13 julio 2009

III. LA PRIMERA ASAMBLEA DE LOS ESTADOS DE PINGUINIA



-Hijo mío -dijo el anciano Mael al monje Bulloch-, ya es hora de hacer enumeración de los pingüinos e inscribir el nombre de cada uno en un cuaderno.

-Nada más urgente -respondía Bulloch-; no es posible administrar un pueblo sin este requisito. Al instante, el apóstol, con ayuda de doce monjes, procedió a reseñar el pueblo.

Y el anciano Mael dijo después:

-Ahora que ya tenemos un registro de todos los habitantes, conviene, hijo mío, establecer un impuesto justo para atender a los gastos públicos y al sostenimiento de la abadía. Cada cual debe contribuir según sus recursos.

Convocad a los ancianos de Alca, y de acuerdo con ellos estableceremos el impuesto. Los ancianos convocados se reunieron, en número de treinta, en el patio del monasterio de madera, a la sombra del sicomoro.

Aquéllas fueron las primeras Cortes de Pingüinia, en sus tres cuartas partes las formaban los hacendados: campesinos de la Surella y del Glange Greatauk, por ser el más noble de los pingüinos, sentóse en la piedra más alta.

El venerable Mael, sentado entre sus monjes, pronunció estas palabras:

-El Señor da, cuando le place, riquezas a los hombres, o se las quita. Os he reunido para señalar al pueblo las contribuciones indispensables que deben sufragar los gastos públicos y el sostenimiento de la abadía. Estimo que ha de contribuir cada uno conforme a su riqueza: el que tenga cien vacas dará diez, y el que tenga diez dará una.

Cuando el santo varón hubo hablado, Morio, uno de los más ricos labradores, levantóse y dijo:

-Venerable Mael y padre mío, considero justo que contribuyamos a los gastos públicos y a las atenciones de la Iglesia. Por lo que a mí se refiere, estoy dispuesto a despojarme de todo lo que poseo en interés de mis hermanos pingüinos, y si fuese necesario, daría de buena voluntad hasta mi camisa. Todos los ancianos del pueblo están dispuestos, como yo, a sacrificar sus bienes, y no se debe poner en duda su abnegación. Es preciso atender únicamente al interés público, acordar lo más conveniente, y lo más conveniente, padre mío, lo que el interés público exige, es no pedir mucho a los que tienen mucho, porque entonces los ricos serían menos ricos, y los pobres, más pobres. Los pobres viven de la hacienda de los ricos, por lo cual es sagrada, y no respetarla sería una maldad inútil. Si pedís a los ricos, no conseguiréis gran provecho,

porque son pocos, y, en cambio, los privaréis de todos los recursos, hundiréis al país en la miseria, mientras que si pedís un poco de ayuda a cada habitante, a todos por igual, sin reparar en sus bienes, recogeréis lo necesario para las cargas públicas y no hará falta inquirir lo que posee cada ciudadano, investigación odiosa y vejatoria. Si pedís a todos igualmente, levemente, favorecéis a los pobres, puesto que les quedarán los bienes de los ricos.

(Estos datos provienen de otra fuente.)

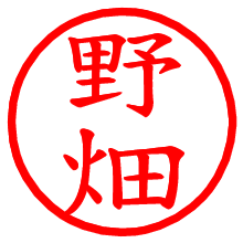 [朱肉の色]を選び、入力窓に“野畑”と入力して[生成]ボタンを押すと、印影が更新され、リンクから電子印鑑(デジタル印影)がダウンロードできます。 電子印鑑「野畑」の作り方文字表示が変なときや、文字バランスが悪いときは[字形切替]のチェックボックスでON/OFFを切り替え[生成]しなおしてください。 生成される画像は通常の印影「野畑.png」と、にじみを表現した少し太めの印影「野畑B.png」の背面透過PNG形式2種と、鮮明なPDF形式の印影「野畑.pdf」の計3種類です。 朱肉の微妙な色の違いを7色で表現しました。デフォルト(左端)は、JISが定めた朱肉の色のマンセル値(7.5R 5/14)をRGB値(217,66,54)に変換したものになっています。 「電子透かし」にチェックを入れて[生成]ボタンを押すと、タイムスタンプを透かしとして埋め込んだセキュアな電子印鑑が作れます。詳細は別ページの「電子透かしとタイムスタンプ」でご覧ください。 野畑さんの日付印が作れます。「日付スタンプメーカー」は、社内向けの書類に利用されることの多い日付印(データ印)が無料で作れるWebアプリケーションです。中段に日付が入り、上段と下段は、ともに8文字まで文字が入ります。 ![]() 古代文字で落款印が作れます。「落款スタンプメーカー」で作品を引き立たせる落款印が作れます。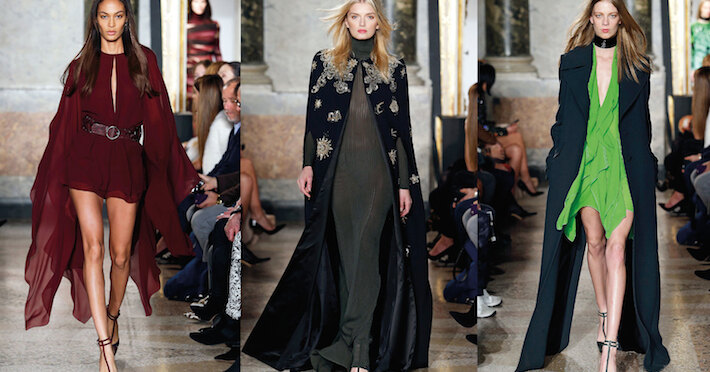 Несмотря на все перипетии жизни модного Дома, осенне-зимняя линия получилась очень эффектной. В центре внимания коллекции, навеянной энергетикой Джимми Пейджа из Led Zeppellin и Стиви Никс, черно-белые геометричные волны и зодиакальные созвездия. Падающие звезды, сияющие солнца и блестящие луны рассыпались золотой вышивкой практически на каждой модели. Принты с изображениями знаков зодиака красуются на бархатных шортах, мини-платьях, накидках oversize. Узкая обувь, монохромные платья, горизонтальная полоска, вельвет, шифон, мех – главные тенденции будущего сезона.

¿Y cómo sería posible fijar un impuesto proporcional a la riqueza? Ayer tenía yo doscientos bueyes; hoy sólo tengo sesenta; mañana tendré ciento. Cluñic tiene tres vacas enfermas. Nicclu tiene dos robustas y gordas. ¿Quién es más rico? Las señales de la opulencia son engañosas. Lo único cierto es que todos comen y beben. Imponed a las gentes conforme a lo que consumen. Es lo prudente y lo justo.

Así habló Morio, y los ancianos le aplaudieron.

-Pido que se grabe este discurso en planchas de bronce -dijo Bulloch-. Está dictado para lo por venir. Dentro de quince siglos, los mejores entre los pingüinos no hablarán de otro modo.

Los ancianos aplaudían, aun cuando Greatauk, puesta la mano sobre el puño de su espada, hizo esta breve declaración:

-Soy noble, y, por tanto, no contribuiré. Admitir un impuesto es propio de gente plebeya. Que pague la canalla.

Nadie le replicó, y los ancianos desfilaron en silencio.

Como en Roma, se rehizo el censo cada cinco años, y de aquel modo advirtióse que la población aumentaba rápidamente. Aun cuando los niños muriesen en maravillosa abundancia y el hambre y la peste despoblaran con perfecta regularidad ciudades enteras, nuevos pingüinos cada vez más numerosos contribuían con su miseria privada a la prosperidad pública.